From Transcripts to AI Agents: Knowledge Extraction, RAG Integration, and Robust Evaluation of Conversational AI Assistants
Krittin Pachtrachai, Petmongkon Pornpichitsuwan, Wachiravit Modecrua, Touchapon Kraisingkorn
TL;DR
The paper tackles the challenge of building reliable customer-facing AI assistants from noisy historical call transcripts by proposing a transcript-driven framework that combines grading, filtering, and retrieval-augmented grounding. Knowledge is extracted from curated transcripts and stored externally, enabling RAG grounding while keeping prompts lean, and performance is guided by a spectrum of prompt architectures from Early Escalation to Governed Execution. Evaluation uses a transcript-grounded user simulator and red-teaming to measure coverage, factual accuracy, rejection behavior, and robustness, showing that the approach can autonomously handle a meaningful portion of calls (approximately 30% in challenging domains) with high factual grounding and robust safety. The findings highlight the critical role of structured, governance-oriented prompt design over domain-specific tailoring for cross-domain generalization and safe production deployment in real-world call centers.
Abstract
Building reliable conversational AI assistants for customer-facing industries remains challenging due to noisy conversational data, fragmented knowledge, and the requirement for accurate human hand-off - particularly in domains that depend heavily on real-time information. This paper presents an end-to-end framework for constructing and evaluating a conversational AI assistant directly from historical call transcripts. Incoming transcripts are first graded using a simplified adaptation of the PIPA framework, focusing on observation alignment and appropriate response behavior, and are filtered to retain only high-quality interactions exhibiting coherent flow and effective human agent responses.
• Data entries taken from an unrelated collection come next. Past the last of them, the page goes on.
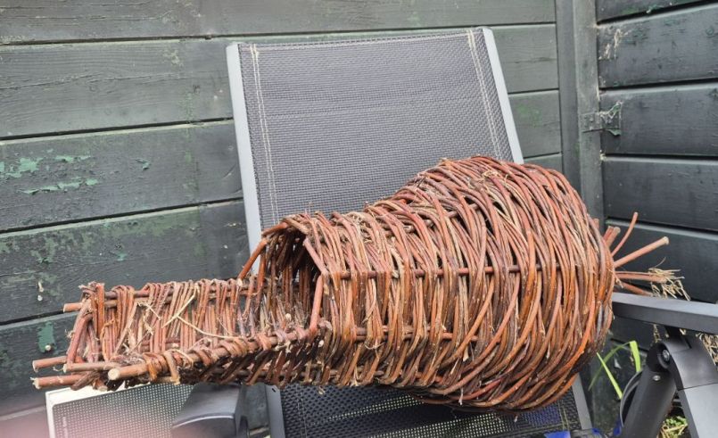 Tja, vlechten. Ik heb er deels de spullen voor, zoals een paar wilgen achterin mijn tuin. Dan ook maar een tip voor degenen zonder wilg: Gemiddeld eens per drie (vier?) jaar wordt er geknot, door het waterschap, de provincie of de gemeente. Dat levert per boom (langs de weg op elke acht meter) een forse stapel op. Die stapels worden wel steeds verhakseld en afgevoerd, maar elk einde van elke dag valt er meer dan genoeg te "rapen". Maar vlechten, dat laat ik doen: Broedkorf gekocht bij de nabije eendenkooi (€ 30,-). De korf plaats ik over een paar dagen (nu nog weken wachten kan niet) in de brede sloot bij mij achter. Ik heb al een waadpak geregeld, want een watertemperatuur van ca. 5 graden, gedurende ongeveer 15 minuten, dat is mij te gortig. Mijn doel zal duidelijk zijn: een mooi nest voor moeder eend, en vanaf het terrasje aan het water wil ik "live" die pulletjes zien. Voor de vlechters hier: broedkorven vlechten lijkt me geen verdienmodel.
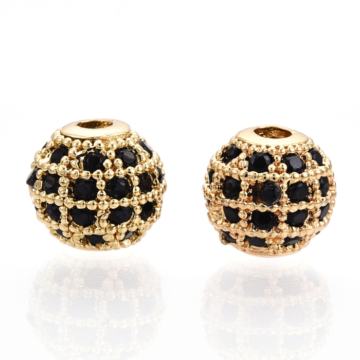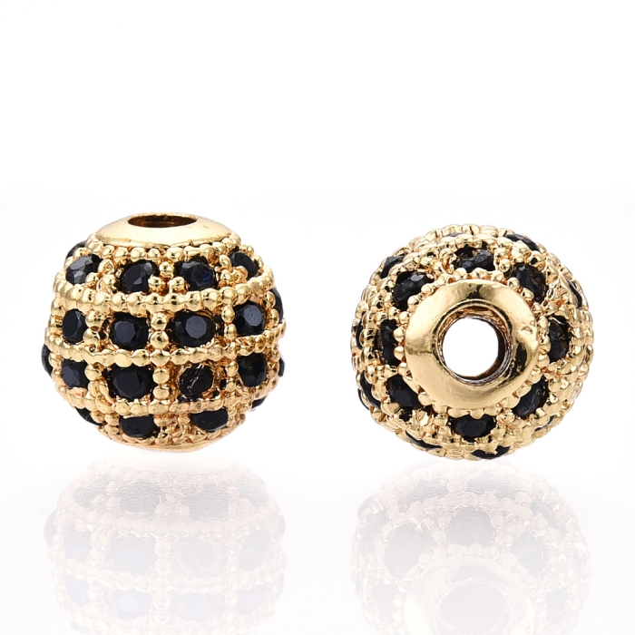 Намистини Латунь з Фіанітами, Круглі, Стійке Покриття, Золото/Чорний, 8х7мм, Отвір 2мм, (13WB32485)
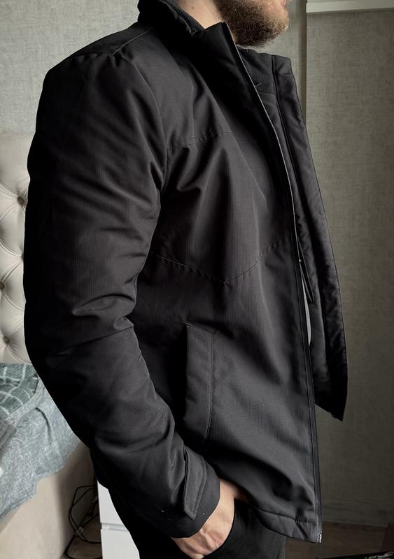 Демісезонна куртка на осінь або теплу зиму. На чоловіка на фото куртка замала, тому орієнтуйтеся на заміри: Довжина 75 см Рукав 66 см Плечі 48 см Відстань між проймами (напівобхват в грудях) 58 см Напівобхват в талії 53 см. 4 робочі кишені, одна з них внутрішня.
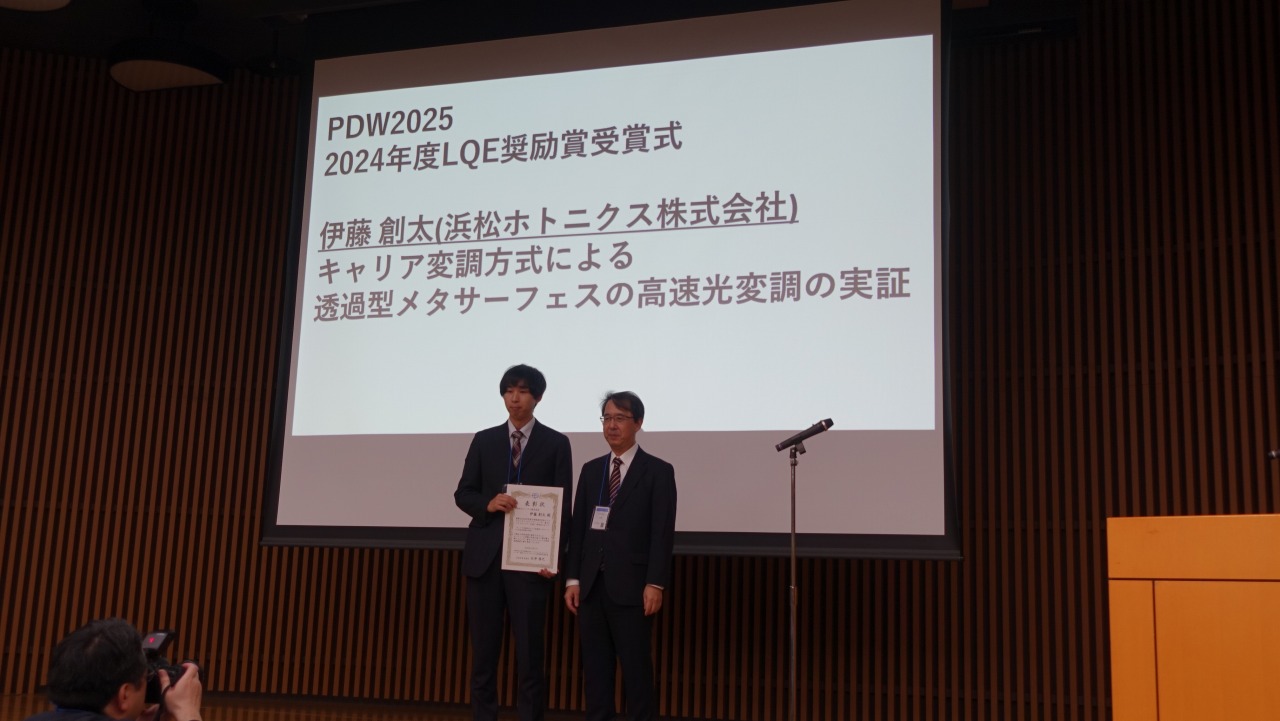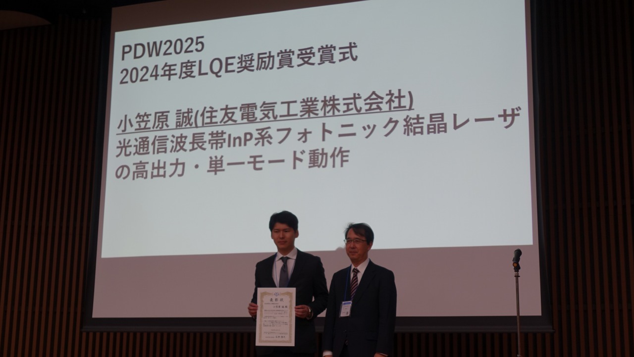 LQE奨励賞の表彰式が行われ、伊藤創太氏(浜松ホトニクス)、小笠原誠氏(住友電工)が奨励賞を受賞しました。

Structured knowledge is then extracted from curated transcripts using large language models (LLMs) and deployed as the sole grounding source in a Retrieval-Augmented Generation (RAG) pipeline. Assistant behavior is governed through systematic prompt tuning, progressing from monolithic prompts to lean, modular, and governed designs that ensure consistency, safety, and controllable execution. Evaluation is conducted using a transcript-grounded user simulator, enabling quantitative measurement of call coverage, factual accuracy, and human escalation behavior. Additional red teaming assesses robustness against prompt injection, out-of-scope, and out-of-context attacks. Experiments are conducted in the Real Estate and Specialist Recruitment domains, which are intentionally challenging and currently suboptimal for automation due to their reliance on real-time data. Despite these constraints, the assistant autonomously handles approximately 30 percents of calls, achieves near-perfect factual accuracy and rejection behavior, and demonstrates strong robustness under adversarial testing.